■ Records to use:

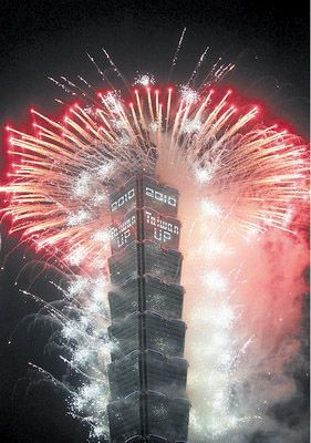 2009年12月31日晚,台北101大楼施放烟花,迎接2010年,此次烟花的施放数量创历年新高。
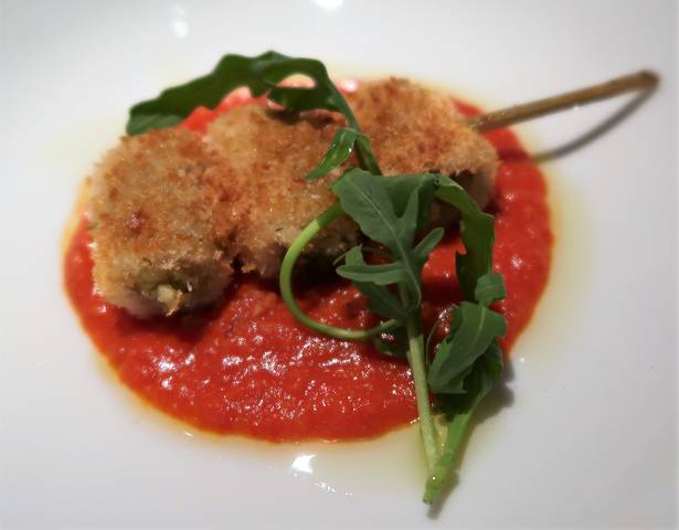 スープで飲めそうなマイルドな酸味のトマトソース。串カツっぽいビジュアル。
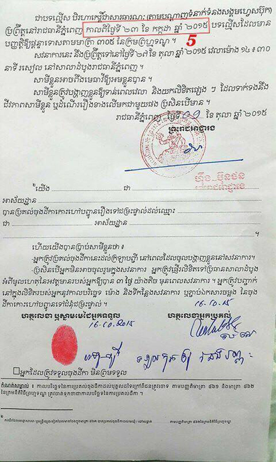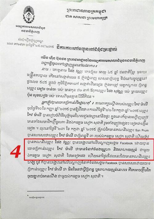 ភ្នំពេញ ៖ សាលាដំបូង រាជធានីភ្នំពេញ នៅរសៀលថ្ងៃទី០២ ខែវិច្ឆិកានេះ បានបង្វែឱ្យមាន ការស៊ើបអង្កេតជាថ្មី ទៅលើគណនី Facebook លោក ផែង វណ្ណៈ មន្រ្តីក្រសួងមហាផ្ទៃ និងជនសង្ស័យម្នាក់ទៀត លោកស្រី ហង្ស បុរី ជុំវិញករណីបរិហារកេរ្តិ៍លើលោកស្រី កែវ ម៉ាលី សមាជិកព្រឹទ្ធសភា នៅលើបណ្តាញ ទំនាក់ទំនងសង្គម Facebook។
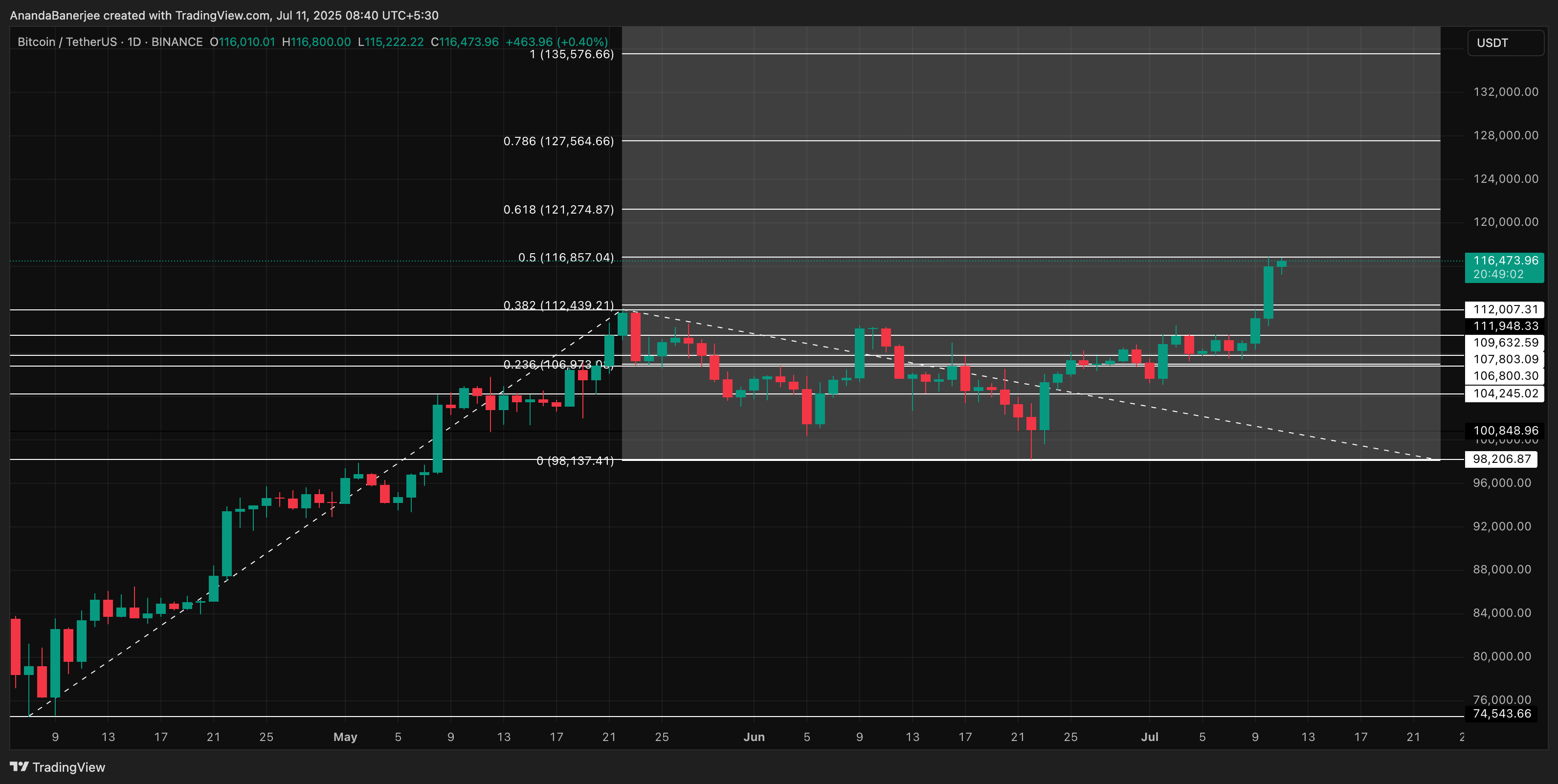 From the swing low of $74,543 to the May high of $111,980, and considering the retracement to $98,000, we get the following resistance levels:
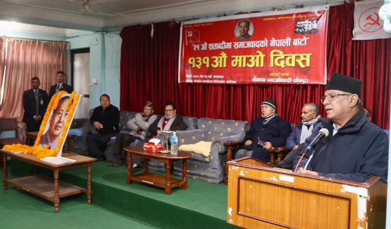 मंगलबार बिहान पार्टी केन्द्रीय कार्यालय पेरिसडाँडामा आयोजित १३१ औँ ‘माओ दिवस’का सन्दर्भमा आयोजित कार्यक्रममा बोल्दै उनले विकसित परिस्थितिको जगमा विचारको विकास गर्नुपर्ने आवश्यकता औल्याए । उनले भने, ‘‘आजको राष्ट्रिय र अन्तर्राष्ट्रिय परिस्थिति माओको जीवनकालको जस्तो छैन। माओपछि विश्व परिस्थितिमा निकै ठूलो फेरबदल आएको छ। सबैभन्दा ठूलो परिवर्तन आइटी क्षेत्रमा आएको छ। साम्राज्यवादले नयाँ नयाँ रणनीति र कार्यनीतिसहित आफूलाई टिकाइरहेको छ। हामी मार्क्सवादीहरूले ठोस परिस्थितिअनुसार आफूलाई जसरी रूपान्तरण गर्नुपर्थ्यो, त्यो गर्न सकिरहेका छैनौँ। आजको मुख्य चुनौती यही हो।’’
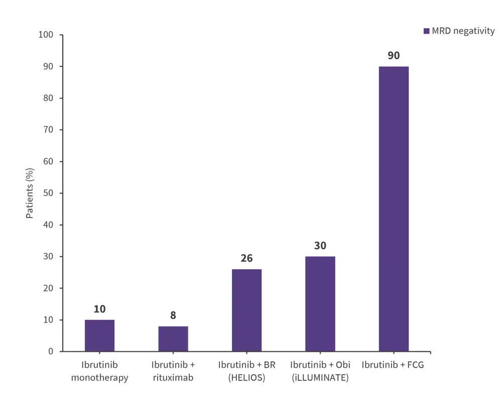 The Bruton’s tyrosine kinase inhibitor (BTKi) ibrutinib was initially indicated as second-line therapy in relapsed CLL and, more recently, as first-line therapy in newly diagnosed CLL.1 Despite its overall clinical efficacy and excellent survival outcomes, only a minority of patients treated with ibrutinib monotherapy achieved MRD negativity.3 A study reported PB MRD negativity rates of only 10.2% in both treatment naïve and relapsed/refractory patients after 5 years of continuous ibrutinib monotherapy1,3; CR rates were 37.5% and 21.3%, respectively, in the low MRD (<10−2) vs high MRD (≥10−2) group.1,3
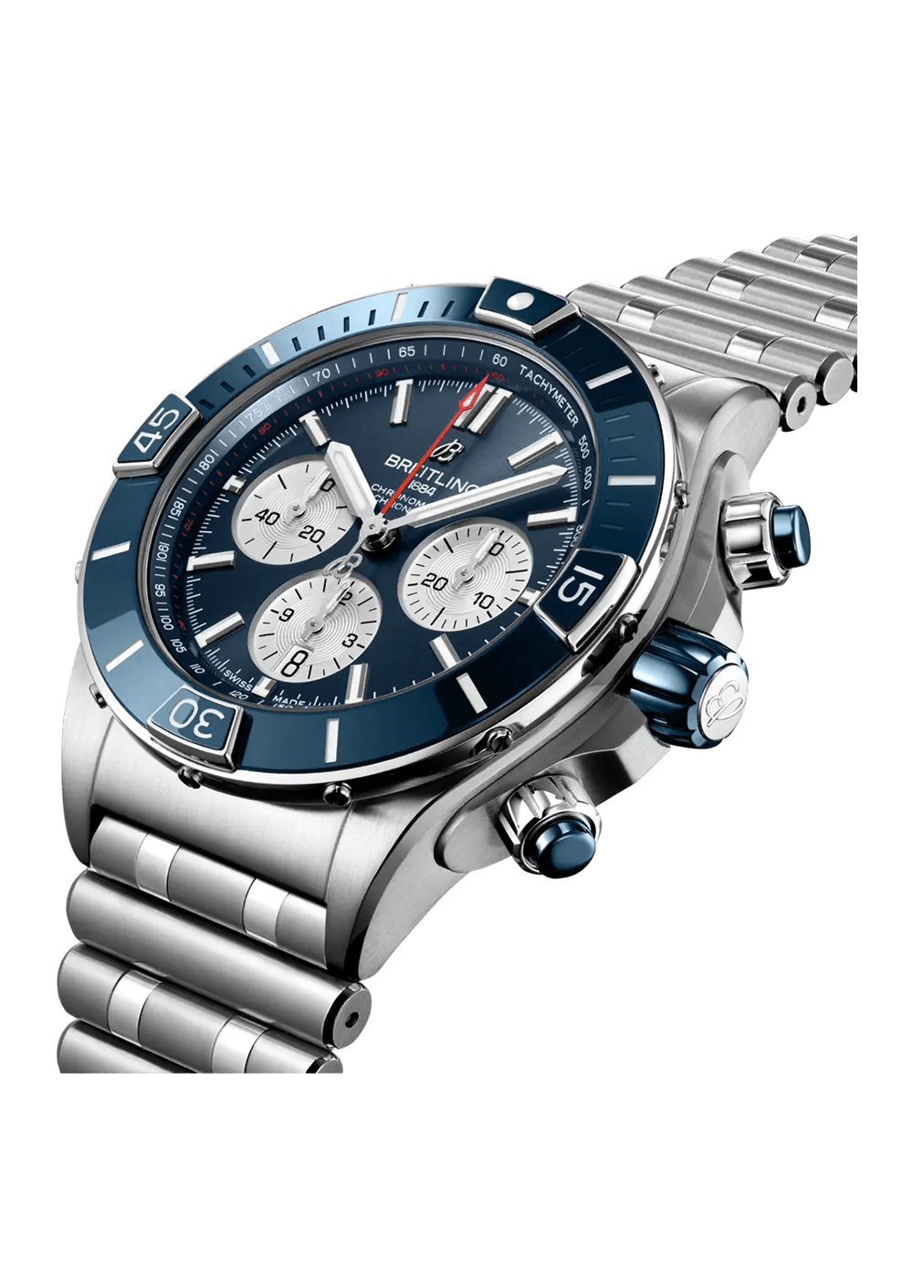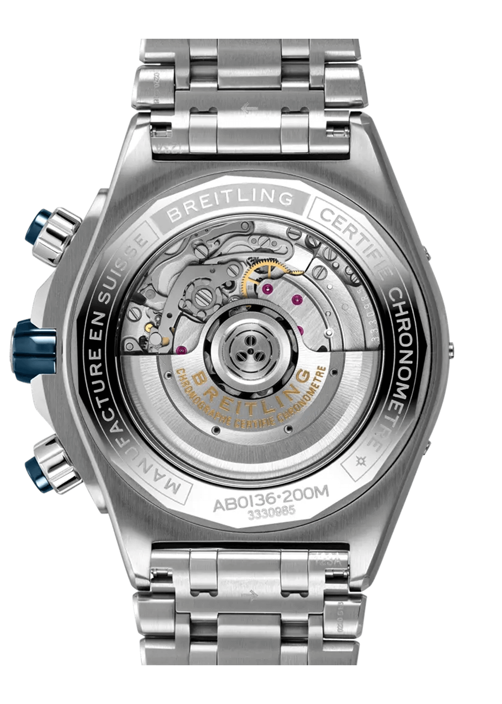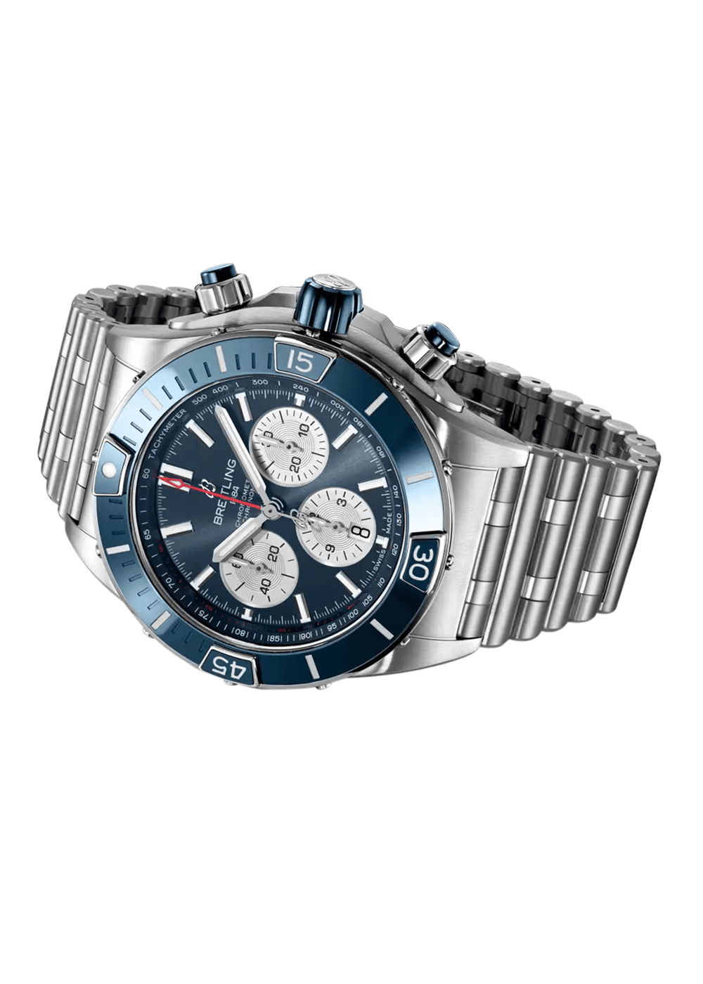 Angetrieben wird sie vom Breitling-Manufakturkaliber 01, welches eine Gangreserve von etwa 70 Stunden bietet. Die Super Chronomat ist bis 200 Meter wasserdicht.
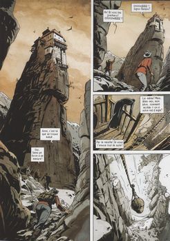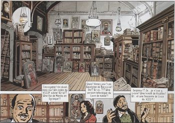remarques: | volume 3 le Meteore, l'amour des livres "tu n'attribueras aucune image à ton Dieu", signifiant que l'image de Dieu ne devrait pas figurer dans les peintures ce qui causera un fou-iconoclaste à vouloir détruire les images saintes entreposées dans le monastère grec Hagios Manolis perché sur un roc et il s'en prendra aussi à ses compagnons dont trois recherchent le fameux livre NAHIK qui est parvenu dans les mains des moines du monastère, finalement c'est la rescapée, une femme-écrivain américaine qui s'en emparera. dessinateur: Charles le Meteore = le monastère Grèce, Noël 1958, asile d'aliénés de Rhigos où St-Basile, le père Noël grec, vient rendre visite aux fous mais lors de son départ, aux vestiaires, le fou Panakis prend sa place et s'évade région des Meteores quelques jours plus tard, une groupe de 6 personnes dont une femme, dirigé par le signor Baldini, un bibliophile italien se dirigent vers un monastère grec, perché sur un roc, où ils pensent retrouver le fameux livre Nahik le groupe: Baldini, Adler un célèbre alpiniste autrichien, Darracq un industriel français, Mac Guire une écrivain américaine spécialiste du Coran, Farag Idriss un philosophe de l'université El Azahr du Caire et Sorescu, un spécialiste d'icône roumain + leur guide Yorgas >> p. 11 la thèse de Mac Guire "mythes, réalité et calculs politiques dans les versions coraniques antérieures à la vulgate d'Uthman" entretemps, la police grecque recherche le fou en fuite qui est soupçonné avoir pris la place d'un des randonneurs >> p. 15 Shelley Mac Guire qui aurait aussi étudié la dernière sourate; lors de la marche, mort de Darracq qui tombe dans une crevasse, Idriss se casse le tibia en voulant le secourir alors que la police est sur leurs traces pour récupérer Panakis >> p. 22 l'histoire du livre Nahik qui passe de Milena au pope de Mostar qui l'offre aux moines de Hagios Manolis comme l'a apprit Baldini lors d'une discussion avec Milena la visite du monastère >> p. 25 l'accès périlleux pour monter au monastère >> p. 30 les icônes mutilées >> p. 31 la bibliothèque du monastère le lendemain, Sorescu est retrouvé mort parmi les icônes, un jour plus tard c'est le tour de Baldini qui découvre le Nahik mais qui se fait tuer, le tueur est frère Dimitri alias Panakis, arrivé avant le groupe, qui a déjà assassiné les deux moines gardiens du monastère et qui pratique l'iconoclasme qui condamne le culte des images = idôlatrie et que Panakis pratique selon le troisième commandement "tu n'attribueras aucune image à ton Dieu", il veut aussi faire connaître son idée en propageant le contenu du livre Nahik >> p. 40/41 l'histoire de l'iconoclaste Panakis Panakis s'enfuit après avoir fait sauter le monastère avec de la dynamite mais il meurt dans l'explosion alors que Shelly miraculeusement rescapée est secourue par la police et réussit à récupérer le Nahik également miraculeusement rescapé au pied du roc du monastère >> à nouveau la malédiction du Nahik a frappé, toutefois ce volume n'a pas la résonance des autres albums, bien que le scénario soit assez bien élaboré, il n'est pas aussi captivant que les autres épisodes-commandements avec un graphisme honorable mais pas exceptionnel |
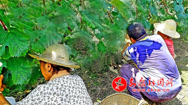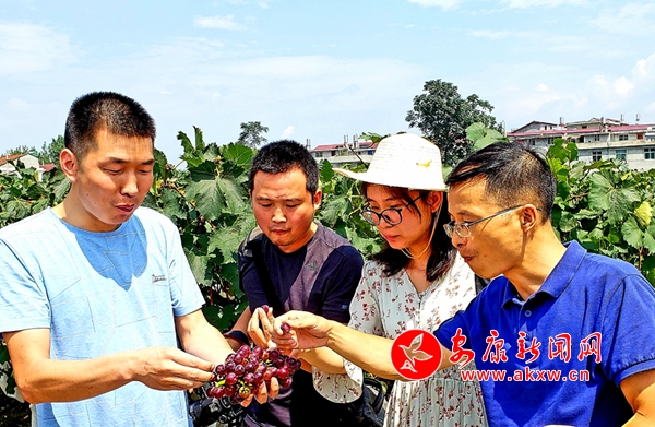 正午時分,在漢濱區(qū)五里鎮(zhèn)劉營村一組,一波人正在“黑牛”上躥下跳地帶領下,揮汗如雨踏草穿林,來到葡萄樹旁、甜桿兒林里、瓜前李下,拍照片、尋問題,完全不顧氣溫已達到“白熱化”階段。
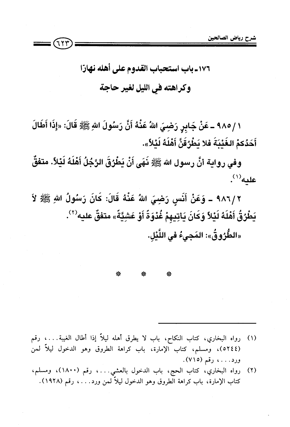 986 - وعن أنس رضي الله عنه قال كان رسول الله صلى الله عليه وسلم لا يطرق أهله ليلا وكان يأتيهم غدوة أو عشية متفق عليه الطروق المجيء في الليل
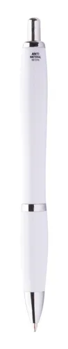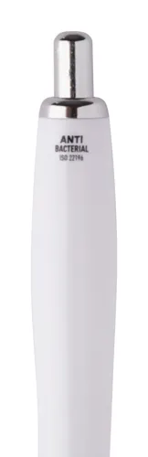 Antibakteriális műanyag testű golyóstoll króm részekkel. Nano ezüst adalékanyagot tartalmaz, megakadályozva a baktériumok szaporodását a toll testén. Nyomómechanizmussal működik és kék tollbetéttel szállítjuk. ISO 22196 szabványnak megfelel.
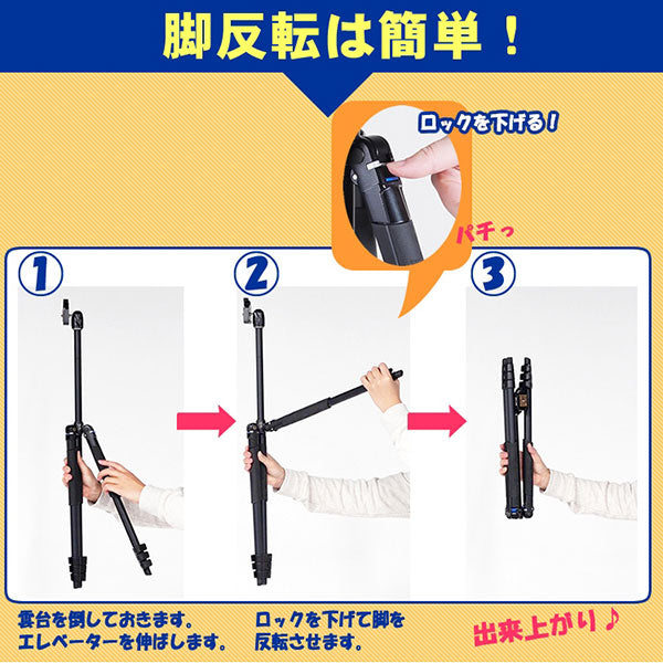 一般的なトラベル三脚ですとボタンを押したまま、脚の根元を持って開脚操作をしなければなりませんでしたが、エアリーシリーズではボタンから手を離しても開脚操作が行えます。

■ What to work on:
Print, exactly as written, the lines above from the first one to the one containing "From the swing". Leave out pictures.

■ Final answer:
 2009年12月31日晚,台北101大楼施放烟花,迎接2010年,此次烟花的施放数量创历年新高。
 スープで飲めそうなマイルドな酸味のトマトソース。串カツっぽいビジュアル。
 ភ្នំពេញ ៖ សាលាដំបូង រាជធានីភ្នំពេញ នៅរសៀលថ្ងៃទី០២ ខែវិច្ឆិកានេះ បានបង្វែឱ្យមាន ការស៊ើបអង្កេតជាថ្មី ទៅលើគណនី Facebook លោក ផែង វណ្ណៈ មន្រ្តីក្រសួងមហាផ្ទៃ និងជនសង្ស័យម្នាក់ទៀត លោកស្រី ហង្ស បុរី ជុំវិញករណីបរិហារកេរ្តិ៍លើលោកស្រី កែវ ម៉ាលី សមាជិកព្រឹទ្ធសភា នៅលើបណ្តាញ ទំនាក់ទំនងសង្គម Facebook។
 From the swing low of $74,543 to the May high of $111,980, and considering the retracement to $98,000, we get the following resistance levels:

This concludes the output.